-------- DATA --------

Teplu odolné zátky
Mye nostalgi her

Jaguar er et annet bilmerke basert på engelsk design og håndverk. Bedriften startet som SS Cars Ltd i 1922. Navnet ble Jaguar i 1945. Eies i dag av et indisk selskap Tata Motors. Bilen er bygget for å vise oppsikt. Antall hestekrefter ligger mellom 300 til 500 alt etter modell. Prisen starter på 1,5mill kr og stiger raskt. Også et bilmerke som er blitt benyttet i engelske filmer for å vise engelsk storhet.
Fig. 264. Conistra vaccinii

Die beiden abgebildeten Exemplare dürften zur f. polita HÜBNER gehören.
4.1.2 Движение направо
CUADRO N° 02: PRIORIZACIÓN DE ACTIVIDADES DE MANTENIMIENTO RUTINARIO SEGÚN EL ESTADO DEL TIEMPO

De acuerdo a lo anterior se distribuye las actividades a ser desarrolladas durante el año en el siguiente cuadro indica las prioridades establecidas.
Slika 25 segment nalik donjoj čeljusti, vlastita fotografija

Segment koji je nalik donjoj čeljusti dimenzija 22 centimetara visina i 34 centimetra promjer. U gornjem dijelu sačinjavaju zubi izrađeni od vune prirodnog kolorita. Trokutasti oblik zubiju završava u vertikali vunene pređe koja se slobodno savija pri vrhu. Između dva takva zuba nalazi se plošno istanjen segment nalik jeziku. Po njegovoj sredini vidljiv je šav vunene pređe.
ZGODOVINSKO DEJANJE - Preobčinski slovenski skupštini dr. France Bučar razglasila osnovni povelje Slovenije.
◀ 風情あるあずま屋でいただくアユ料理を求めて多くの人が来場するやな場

--------
-------- DATA --------

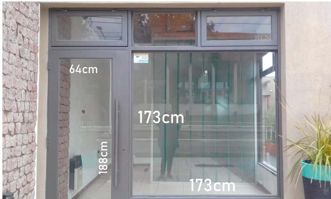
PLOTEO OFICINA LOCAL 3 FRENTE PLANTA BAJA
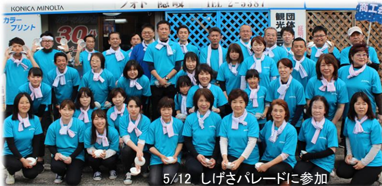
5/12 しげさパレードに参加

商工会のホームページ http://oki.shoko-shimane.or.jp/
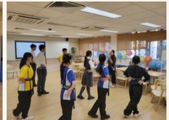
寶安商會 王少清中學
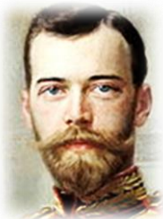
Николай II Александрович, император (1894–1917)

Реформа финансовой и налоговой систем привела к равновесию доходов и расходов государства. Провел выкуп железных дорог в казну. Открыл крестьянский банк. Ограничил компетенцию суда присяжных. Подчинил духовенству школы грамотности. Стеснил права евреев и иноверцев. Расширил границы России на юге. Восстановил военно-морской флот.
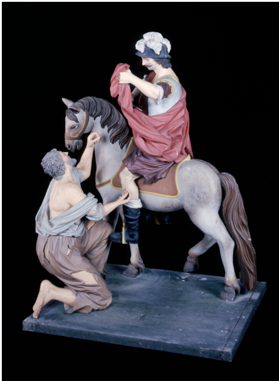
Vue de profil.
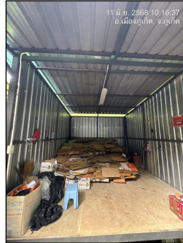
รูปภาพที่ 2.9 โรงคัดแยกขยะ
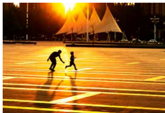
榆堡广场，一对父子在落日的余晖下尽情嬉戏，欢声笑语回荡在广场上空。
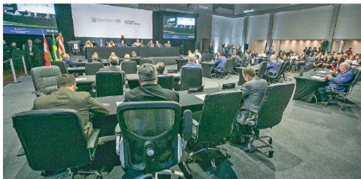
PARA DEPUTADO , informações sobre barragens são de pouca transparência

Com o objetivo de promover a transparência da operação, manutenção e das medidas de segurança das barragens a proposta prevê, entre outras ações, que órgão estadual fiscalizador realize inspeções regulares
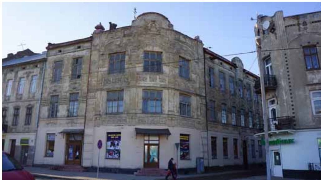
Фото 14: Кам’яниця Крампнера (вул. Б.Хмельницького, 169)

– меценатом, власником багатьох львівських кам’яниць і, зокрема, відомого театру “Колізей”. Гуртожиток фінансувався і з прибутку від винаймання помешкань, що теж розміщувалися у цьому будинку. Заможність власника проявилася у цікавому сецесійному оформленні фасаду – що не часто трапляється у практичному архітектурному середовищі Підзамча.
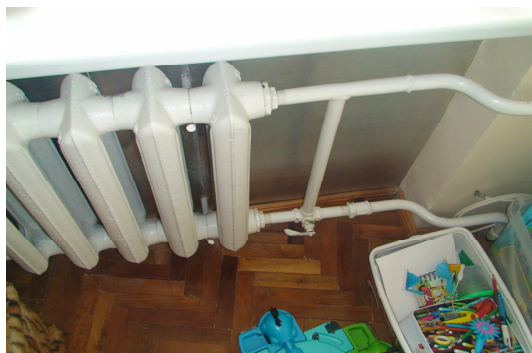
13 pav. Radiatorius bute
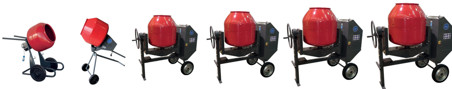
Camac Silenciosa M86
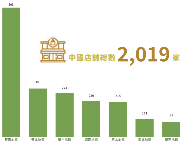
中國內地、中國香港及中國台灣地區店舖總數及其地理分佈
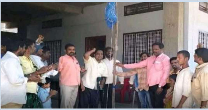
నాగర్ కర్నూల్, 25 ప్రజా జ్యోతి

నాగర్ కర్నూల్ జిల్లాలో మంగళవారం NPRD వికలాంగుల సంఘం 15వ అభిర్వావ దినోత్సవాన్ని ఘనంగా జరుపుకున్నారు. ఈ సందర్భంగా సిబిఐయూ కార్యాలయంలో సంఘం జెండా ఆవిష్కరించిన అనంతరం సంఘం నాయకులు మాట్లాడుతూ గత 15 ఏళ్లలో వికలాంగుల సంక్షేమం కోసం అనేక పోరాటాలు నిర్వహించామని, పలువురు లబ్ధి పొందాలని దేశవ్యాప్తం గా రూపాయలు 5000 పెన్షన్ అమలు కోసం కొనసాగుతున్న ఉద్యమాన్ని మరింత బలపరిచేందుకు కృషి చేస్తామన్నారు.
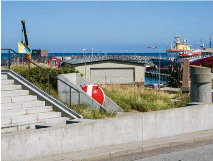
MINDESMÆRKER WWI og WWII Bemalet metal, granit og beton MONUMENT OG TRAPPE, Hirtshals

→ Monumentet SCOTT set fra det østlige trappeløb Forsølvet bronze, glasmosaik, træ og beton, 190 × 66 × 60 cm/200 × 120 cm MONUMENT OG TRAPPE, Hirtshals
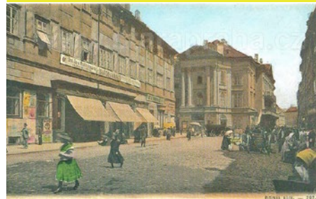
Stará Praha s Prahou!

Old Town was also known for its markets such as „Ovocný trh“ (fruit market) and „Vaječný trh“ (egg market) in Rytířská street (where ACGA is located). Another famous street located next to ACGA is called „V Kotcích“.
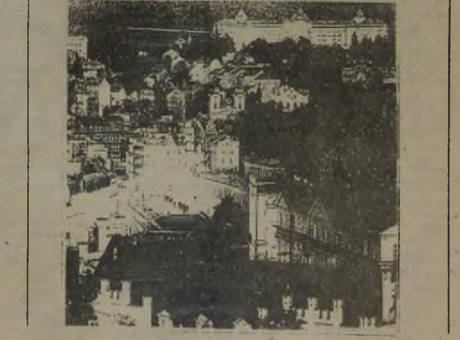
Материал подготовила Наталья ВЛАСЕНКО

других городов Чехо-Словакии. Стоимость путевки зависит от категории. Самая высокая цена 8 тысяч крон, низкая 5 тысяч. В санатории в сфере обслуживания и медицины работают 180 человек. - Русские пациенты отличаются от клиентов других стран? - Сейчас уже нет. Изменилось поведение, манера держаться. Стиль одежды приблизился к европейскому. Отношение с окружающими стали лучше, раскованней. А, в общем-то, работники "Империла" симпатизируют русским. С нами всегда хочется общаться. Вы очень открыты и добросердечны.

--------

→ **TASK REQUIREMENTS**
Of the lines above, quote exactly those from the one with "Com o objetivo" through the one with "నాగర్ కర్నూల్, 25 ప్రజా జ్యోతి", ends included; pictures stay out.

→ **ANSWER FOR THE TASK**
Com o objetivo de promover a transparência da operação, manutenção e das medidas de segurança das barragens a proposta prevê, entre outras ações, que órgão estadual fiscalizador realize inspeções regulares
Фото 14: Кам’яниця Крампнера (вул. Б.Хмельницького, 169)

– меценатом, власником багатьох львівських кам’яниць і, зокрема, відомого театру “Колізей”. Гуртожиток фінансувався і з прибутку від винаймання помешкань, що теж розміщувалися у цьому будинку. Заможність власника проявилася у цікавому сецесійному оформленні фасаду – що не часто трапляється у практичному архітектурному середовищі Підзамча.
13 pav. Radiatorius bute
Camac Silenciosa M86
中國內地、中國香港及中國台灣地區店舖總數及其地理分佈
నాగర్ కర్నూల్, 25 ప్రజా జ్యోతి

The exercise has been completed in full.